This is the documentation for CDH 4.7.0.
Documentation for other versions is available at Cloudera Documentation.

Hardware Configuration for HDFS HA

This section describes the hardware configuration required for each of the two implementations:

Hardware Configuration for Quorum-based Storage

In order to deploy an HA cluster using Quorum-based Storage, you should prepare the following:
  • NameNode machines - the machines on which you run the Active and Standby NameNodes should have equivalent hardware to each other, and equivalent hardware to what would be used in a non-HA cluster.
  • JournalNode machines - the machines on which you run the JournalNodes.
  • The JournalNode daemon is relatively lightweight, so these daemons can reasonably be collocated on machines with other Hadoop daemons, for example NameNodes, the JobTracker, or the YARN ResourceManager.
  • Cloudera recommends that you deploy the JournalNode daemons on the "master" host or hosts (NameNode, Standby NameNode, JobTracker, etc.) so the JournalNodes' local directories can use the reliable local storage on those machines. You should not use SAN or NAS storage for these directories.
  • There must be at least three JournalNode daemons, since edit log modifications must be written to a majority of JournalNodes. This will allow the system to tolerate the failure of a single machine. You can also run more than three JournalNodes, but in order to actually increase the number of failures the system can tolerate, you should run an odd number of JournalNodes, (three, five, seven, etc.) Note that when running with N JournalNodes, the system can tolerate at most (N - 1) / 2 failures and continue to function normally. If the requisite quorum is not available, the NameNode will not format or start, and you will see an error similar to this:
12/10/01 17:34:18 WARN namenode.FSEditLog: Unable to determine input streams from QJM to [10.0.1.10:8485, 10.0.1.10:8486, 10.0.1.10:8487]. Skipping.
java.io.IOException: Timed out waiting 20000ms for a quorum of nodes to respond.
  Note:

In an HA cluster, the Standby NameNode also performs checkpoints of the namespace state, and thus it is not necessary to run a Secondary NameNode, CheckpointNode, or BackupNode in an HA cluster.

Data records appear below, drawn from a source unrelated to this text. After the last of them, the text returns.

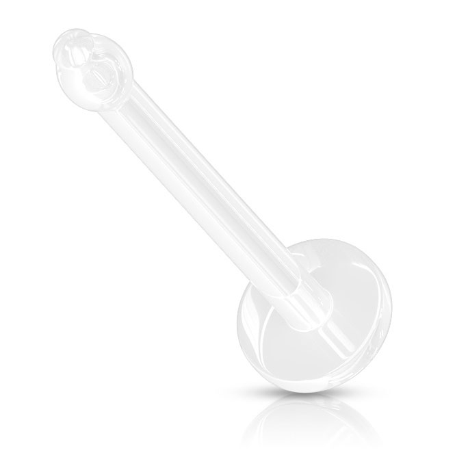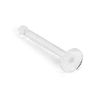 Ez a retainer átlátszó műanyagból, más néven bioflexből készült, és mindössze egy egyszerű rúdból áll, aminek a vastagsága 0.8 mm, a hossza pedig 7 mm. Egy apró kis golyó van a végén, ami csak lehelletnyivel vastagabb, mint maga a rúd. Az ékszer arra szolgál, hogy meggátolja a piercing benövését, helyes használat mellett, A másik végén egy 2 mm átmérőjű lap van, ez kerül az orr belsejébe.
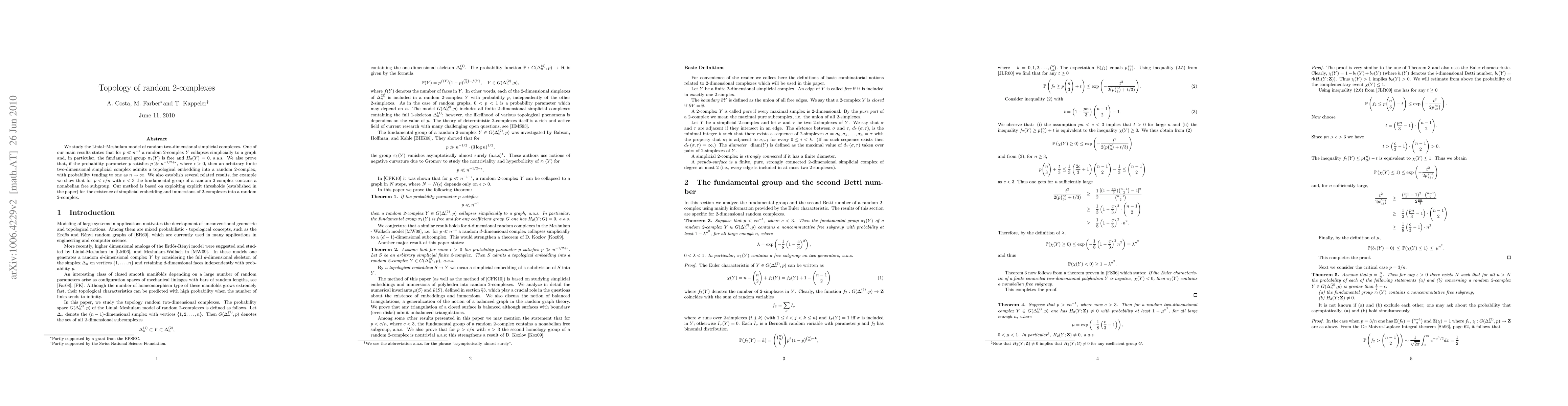 A probabilistic approach was used to analyze the properties of random 2-complexes
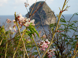 これもまた、島の至るところで見かけるマメ科植物。木本で、樹高5mくらいになる。遠くから見ると、濃いピンク色にけむって山桜のようだった。

In fact, to do so would be an error. If you are reconfiguring a non-HA-enabled HDFS cluster to be HA-enabled, you can reuse the hardware which you had previously dedicated to the Secondary NameNode.

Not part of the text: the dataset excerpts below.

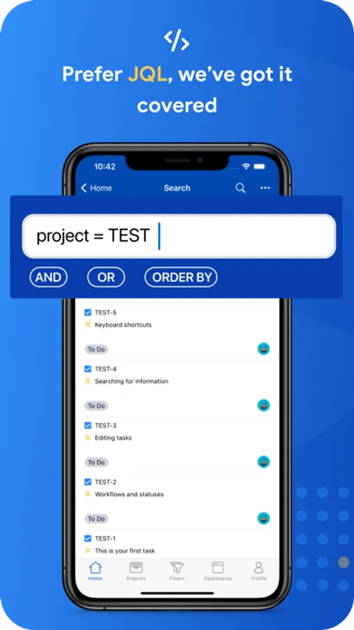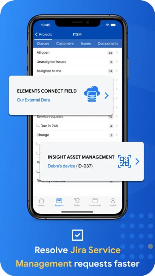 Move Jira issues and Jira Service Management requests forward – anytime, anywhere, any device (requires the Mobility for Jira add-on from the Atlassian Marketplace for full functionality for all users)
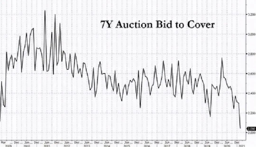 对此,美国金融网站Zerohedge分析称,这说明没有外国买家想要购买美债了,堪称美国国债拍卖的最尴尬时刻。更可怕的是,它出现在一个不该出现的时点,当前美债收益率恰恰因为市场的通胀恐慌而止不住地飙升,另一个尴尬的地方还在于美财长还在刚上任时暗示将发行50年期的超长期限国债。
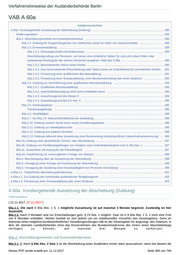 Verfahrenshinweise der Ausländerbehörde Berlin VAB A 60a Inhaltsverzeichnis A.60a. Vorübergehende Aussetzung der Abschiebung (Duldung) ............................................................................................ 385 Änderungsdatum ................................................................................................................................................................ 593 60a.2. Abschiebungsverbote und Ausreisehindernisse ..................................................................................................... 385 60a.2.2. Duldung für Zeugen/Zeuginnen von Verbrechen sowie für Opfer von Hasskriminalität ............................... 388 60a.2.3. Ermessensduldung ....................................................................................................................................... 389 60a.2.3.1. Schwangerschaft und Mutterschutz .................................................................................................... 389 Abschiebungsvollzug von Personen, von denen eine erhebliche Gefahr für Leib und Leben Dritter oder bedeutende Rechtsgüter der inneren Sicherheit ausgehen; Fälle des § 58a ...................................................... 390 60a.2.3.2. Bevorstehende Geburt eines Kindes .................................................................................................. 390 60a.2.3.3. Kurz bevorstehende Eheschließung oder Geburt eines ein Aufenthaltsrecht vermittelnden Kindes .. 391 60a.2.3.4. Fortsetzung einer qualifizierten Berufsausbildung .............................................................................. 391 60a.2.3.5. Fortsetzung einer Schulausbildung, einer Berufsvorbereitung oder eines Studiums ......................... 392 60a.2.4. Duldung zur Durchführung einer qualifizierten Berufsausbildung ................................................................. 393 60a.2.4.1. Qualifizierte Berufsausbildung ............................................................................................................ 393 60a.2.4.2. Aufenthaltsbeendigung steht nicht unmittelbar bevor ......................................................................... 394 60a.2.4.3. Ausschlussgrund des Absatz 6 ........................................................................................................... 394 60a.2.4.4. Ausschlussgrund des § 5 Abs. 4 ........................................................................................................ 395 60a.2.5. Erteilungsdauer ............................................................................................................................................. 395 Familienangehörige ............................................................................................................................................. 395 60a.2.6. Straffälligkeit ................................................................................................................................................. 396 60a.2.7. bis 60a.2.9. Abbruch/Nichtbetrieb der Ausbildung ........................................................................................ 396 60a.2.10. Duldung zwecks Suche eines neuen Ausbildungsplatzes .......................................................................... 396 60a.2.11. Duldung zur Arbeitsplatzsuche ................................................................................................................... 396 60a.2.12. Duldung aus anderen Gründen ................................................................................................................... 396 60a.2.13. Duldung während einer Aussetzung einer Beurkundung (missbräuchliche Vaterschaftsanerkennung) .... 396 60a.2a. Duldung nach gescheiterter Zurück- oder Abschiebung ....................................................................................... 397 60a.2b. Duldung von Familienangehörigen von Inhabern einer Aufenthaltserlaubnis nach § 25a Abs. 1 ......................... 397 60a.2c. Gesetzliche Vermutung für die Reisefähigkeit ...................................................................................................... 397 60a.2d. Verpflichtung zur unverzüglichen Vorlage von Attesten ........................................................................................ 398 60a.4. Bescheinigung über die Aussetzung der Abschiebung ........................................................................................... 398 60a.5. Versagung eines Antrags auf Aussetzung der Abschiebung .................................................................................. 399 60a.6. Versagung der Ausübung einer Erwerbstätigkeit von Personen mit Duldung ........................................................ 399 A.60a.s.1. Tatsächliche Abschiebungshindernisse ................................................................................................................... 401 A.60a.s.2. Zur Duldung des Aufenthalts ausländischer Strafgefangener .................................................................................. 402 A.60a.s.3. Fortsetzung einer Schulausbildung oder eines Studiums ........................................................................................ 403 A.60a. Vorübergehende Aussetzung der Abschiebung (Duldung) Änderungsdatum ( 21.11.2017; 07.12.2017 ) 60a.1.1. Die nach § 60a Abs. 1 S. 1 mögliche Aussetzung ist auf maximal 3 Monate begrenzt. Zuständig ist hier SenInnDS. 60a.1.2. Nach 3 Monaten sind nur Entscheidungen gem. § 23 Abs. 1 möglich. Zwar ist in § 60a Abs. 1 S. 2 noch eine Frist von 6 Monaten enthalten. Hierbei handelt es sich jedoch um ein redaktionelles Versehen des Gesetzgebers. Denn im Interesse eines möglichst bundeseinheitlichen Verwaltungsvollzuges hält es der Gesetzgeber für angezeigt, den Zeitraum, in dem die obersten Landesbehörden ohne das Einvernehmen des Bundesministeriums des Innern einen Abschiebestopp verfügen zu kö
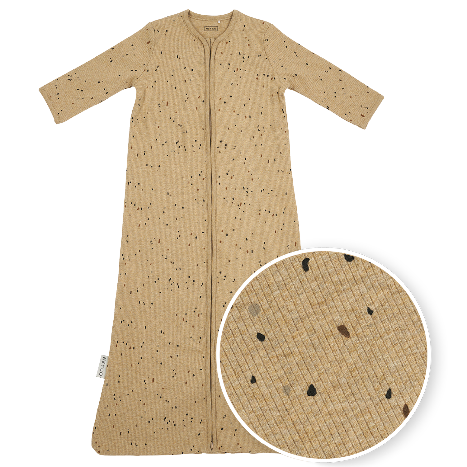 Ist dieser Meyco Baby-Schlafsack mit ärmeln nicht unglaublich süß? Dein Kleines kann in diesem Schlafsack wunderbar einschlafen und sich ins Land der Träume begeben. Dank der langen ärmel ist dieser Schlafsack sehr gut für den Herbst und Frühling sowie milde Wintertage geeignet. Der trendige Rippenstoff sorgt für einen hübschen Twist und ist wunderbar weich und dehnbar. Der Schlafsack ist in verschiedenen Melange-Farben erhältlich und mit dem Mini-Spot-Aufdruck versehen. Der Print ist minimalistisch, verleiht dem Schlafsack aber dennoch einen sehr schicken Look und lässt sich leicht mit deiner kompletten Babyausstattung kombinieren.

Hardware Configuration for Shared Storage Using NFS

 

If you are configuring HA with Quorum-based Storage, do not use this section; see Hardware Configuration for Quorum-based Storage instead.

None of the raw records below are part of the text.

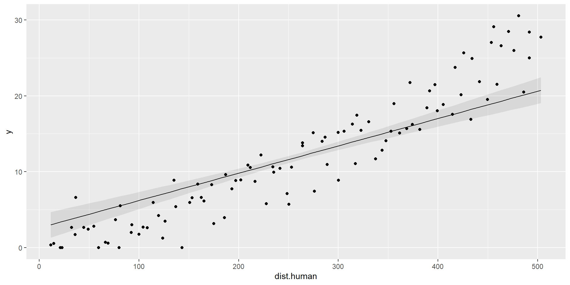 plot1+geom_point(data=dat, aes(x=dist.human,y=y))
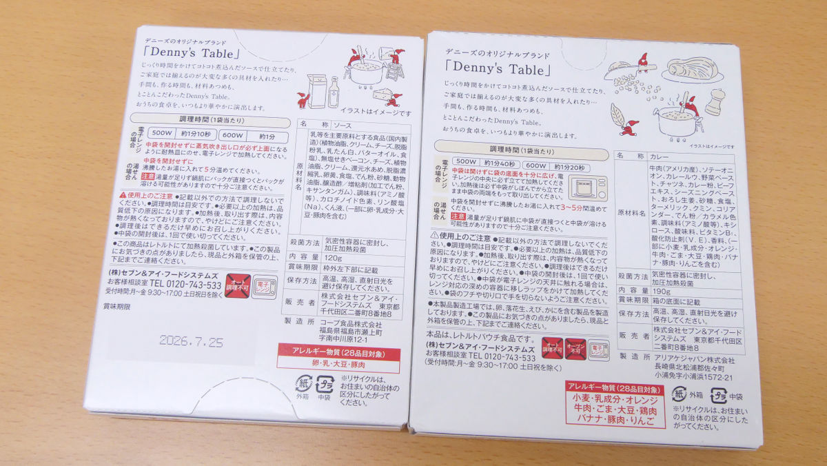 レンジでチンするだけで「デニーズ」の料理を味わえるレトルト食品、2種セットです。
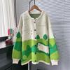 Flower Print Knitted Cardigan Jacket Women Loose V-neck Autumn Single Breasted Cardigans Sweater Winter Tops Long Sleeve Vintage Crop Knitwears 24928
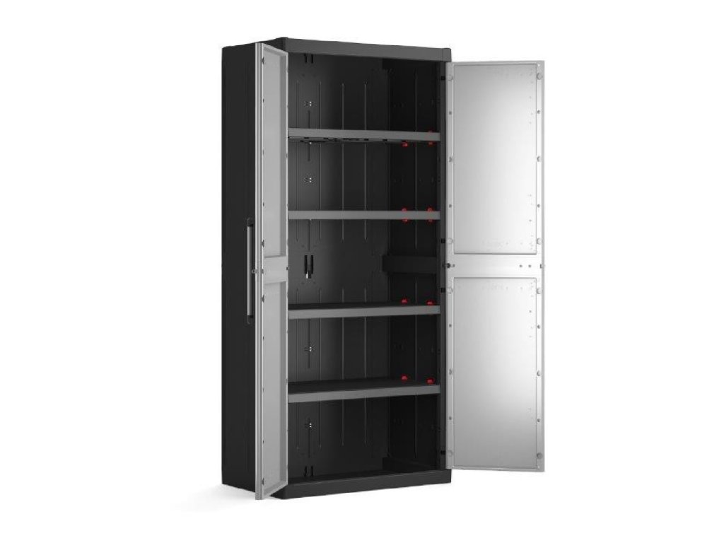 Skříň je vyrobena z velmi odolného polypropylenu, který odolá styku s oleji nebo rozpouštědly. Materiál nepohlcuje vlhkost ani pachy, proto je vhodný i do prostor s vyšší vlhkostí, je odolný proti plísním, omyvatelná a snadno se udržuje. Polypropylen rovněž vykazuje vyšší odolnost proti nárazům. Skříň je uvnitř vybavena 4 policemi s nastavitelnou výškou. Nosnost každé police je 25 kg. Skříň je připravena na možnost uzamčení.

In order to deploy an HA cluster with shared storage using NFS, you should prepare the following:
  • NameNode machines - the machines on which you run the Active and Standby NameNodes should have equivalent hardware to each other, and equivalent hardware to what would be used in a non-HA cluster.
  • Shared storage - you will need to have a shared directory which both NameNode machines can have read/write access to. Typically, this is a remote filer which supports NFS and is mounted on each of the NameNode machines. In this release, only one shared edits directory is supported. The availability of the system is limited by the availability of this shared edits directory, and therefore in order to remove all single points of failure there must be redundancy for the shared edits directory. That is, there must be multiple network paths to the storage, and redundancy in the storage itself (disk, network, and power). Because of this, it is recommended that the shared storage server be a high-quality dedicated NAS appliance rather than a simple Linux server. For more information, see Configuring a Remote NameNode Storage Directory.
  Note:

In an HA cluster, the Standby NameNode also performs checkpoints of the namespace state, and thus it is not necessary to run a Secondary NameNode, CheckpointNode, or BackupNode in an HA cluster. In fact, to do so would be an error. If you are reconfiguring a non-HA-enabled HDFS cluster to be HA-enabled, you can reuse the hardware which you had previously dedicated to the Secondary NameNode.